Updated

Last weekend, television personality Jenny McCarthy was spotted cheering on her sister from the bleachers of a basketball game – only it wasn’t an ordinary basketball game. It was the debut of the Lingerie Basketball League, an offshoot of the wildly popular Lingerie Football League (LFL) which caused jaws to drop when it premiered with body-baring participants a few years ago.

And with barely-there uniforms and overtly sexual catch-phrases and play names like “Red Light Special,” it’s no surprise that it’s attracting some serious attention.

But while lingerie leagues may be revving interest in female sports, some experts argue that the over-sexualization of female athletes is hardly a new concept.

“It does seem as though the popularity of a particular women's sport is often unfortunately tied to how attractive its stars are,” Larry Tobin, former Vice President of Product for FOX Sports Interactive and co-creator of MindSports told FOX411’s Pop Tarts column. “ Mostly though, women's sports suffer from the same problems that most of the non-big four men's sports do. They are fighting for mind-share against long established leagues where a fan's team ties run deep, and it is very difficult to convert someone's time from one sport to another without an incredibly compelling story.”

Click here for more photos from X17 Online

Indeed, the examples of female sports organizations sexing up their images are many.

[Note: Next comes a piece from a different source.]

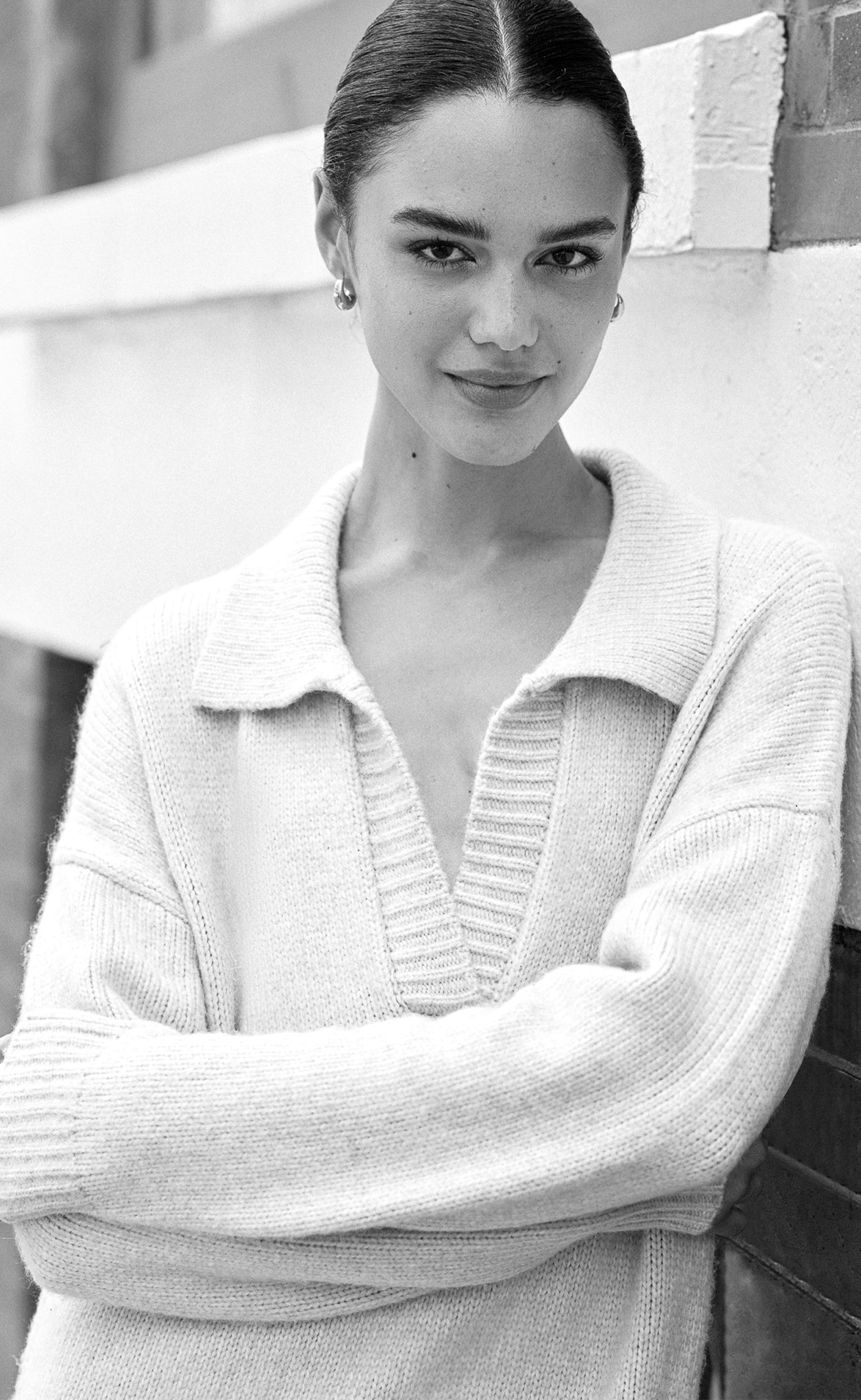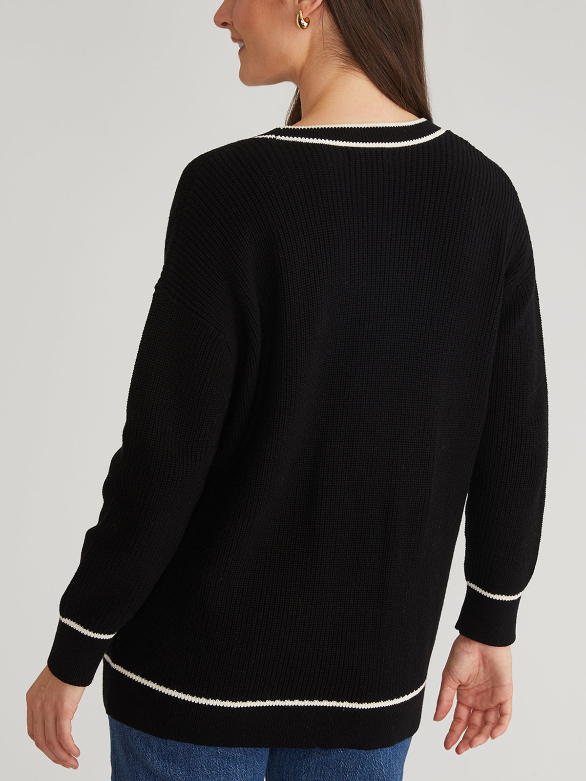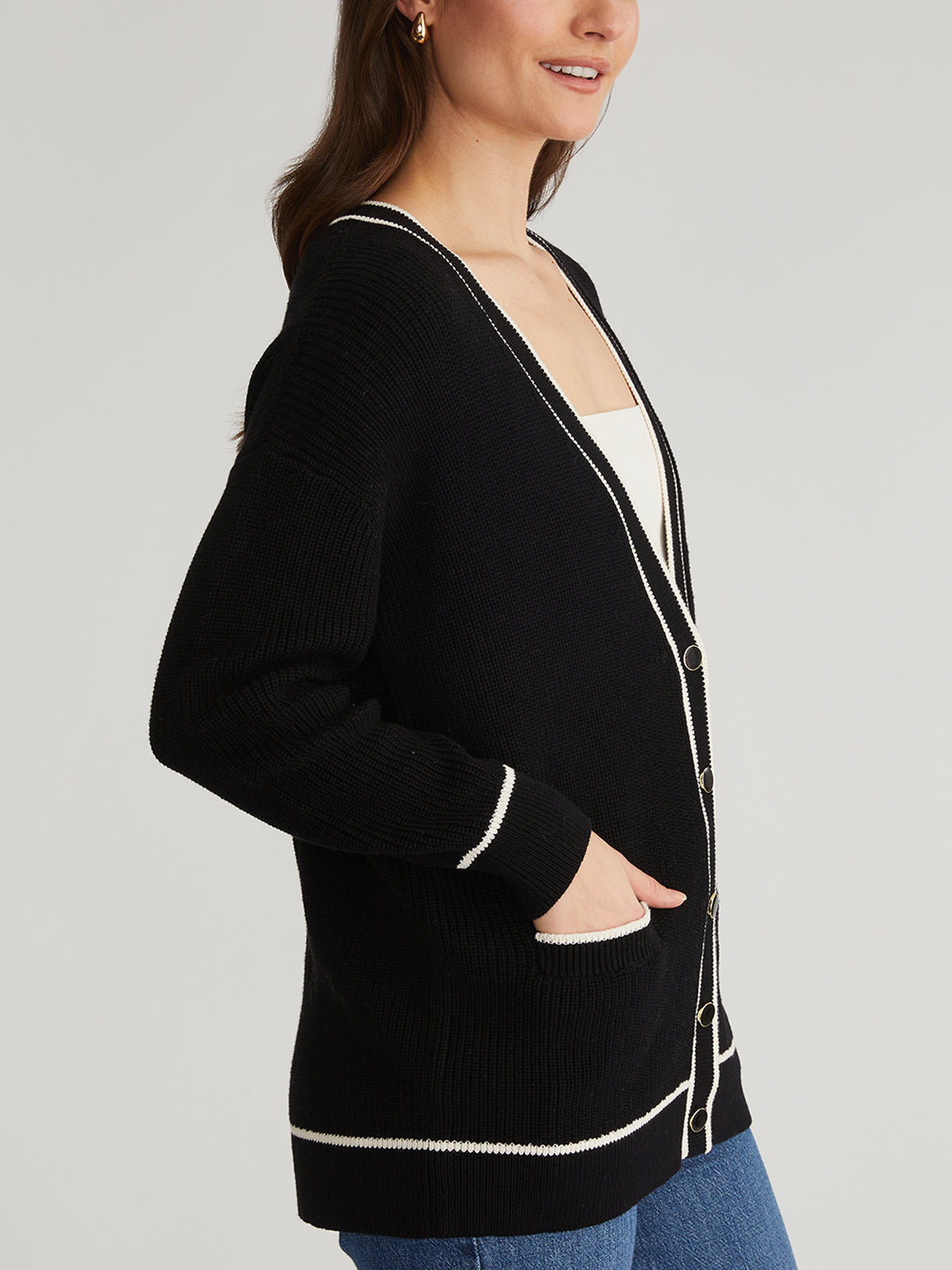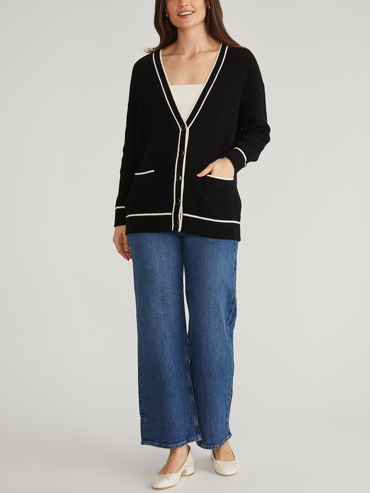 Our favorite style Emma in an oversized cardigan! Expertly crafted and designed for comfort, this oversized grandpa-style cardigan with contrast tipping and convenient front pockets provides a relaxed fit for any occasion. Upgrade your wardrobe with Emma's effortless style and functionality.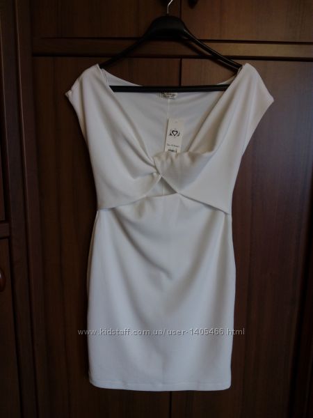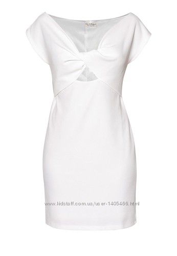 Оригинальное фирменное платье английского бренда Miss Selfridge, размер: 12/40 евро, наш 46 р., см. замеры, цвет: белый. Облегающий силуэт, на груди декоративный узел, приоткрытый живот, на подкладке. Смотрится необычно, ярко и стильно. Состав: 96% полиэстер, 4% эластан. Новое, с биркой.Длина 84 см., ПОГ 43 см., ПОТ 39 см., ПОБ 45 см., по низу ПО 47 см. (ткань хорошо тянется).

With the 2012 Olympics in London fast approaching, the Badminton World Federation decided earlier this year that the way to revive declining interest in the sport was to insist female competitors play in skirts or dresses, as opposed to shorts and sweatpants.

And several years ago, Sepp Blatter, soccer’s most senior administrator and president of the world governing body FIFA came under fire for suggesting female players wear “tighter shorts” and promote “a more female aesthetic” in an effort to increase the amount of eyeballs on the game.

Then there’s beach volleyball where the ladies show off their taut and tanned figures in bikinis while their male counterparts dink and dive in loose-fitting tank tops and thigh-covering shorts. In gymnastics the young ladies take to the beam and bar in a Lycra leotard, while male competitors don  baggy shorts and/or snug floor-length pants..

So is showing some leg the only way the female leg of sports is ever going to garner mainstream attention?

“It’s not fair (for women to have to wear so little) but we all know sex sells,” said Jessica Hopkins, a dedicated Lingerie Football League player for Seattle Storm. “I'd much prefer to have my skin covered when playing tackle football on hard astro turf, but the lingerie/sexy aspect of our game is what gets people interested and once they come see us play.”

Angie Meyer, sports publicist and founder of the Glam Girls Guide to Sports, also defended the lingerie league as something more than hot chicks bopping about in nothing but their cotton coverings.

“On paper, it looks and sounds derogatory towards women,” she said. “However, when you sit down and watch the intense athleticism of these women, you learn the league is much more than a pretty powder-puff team.”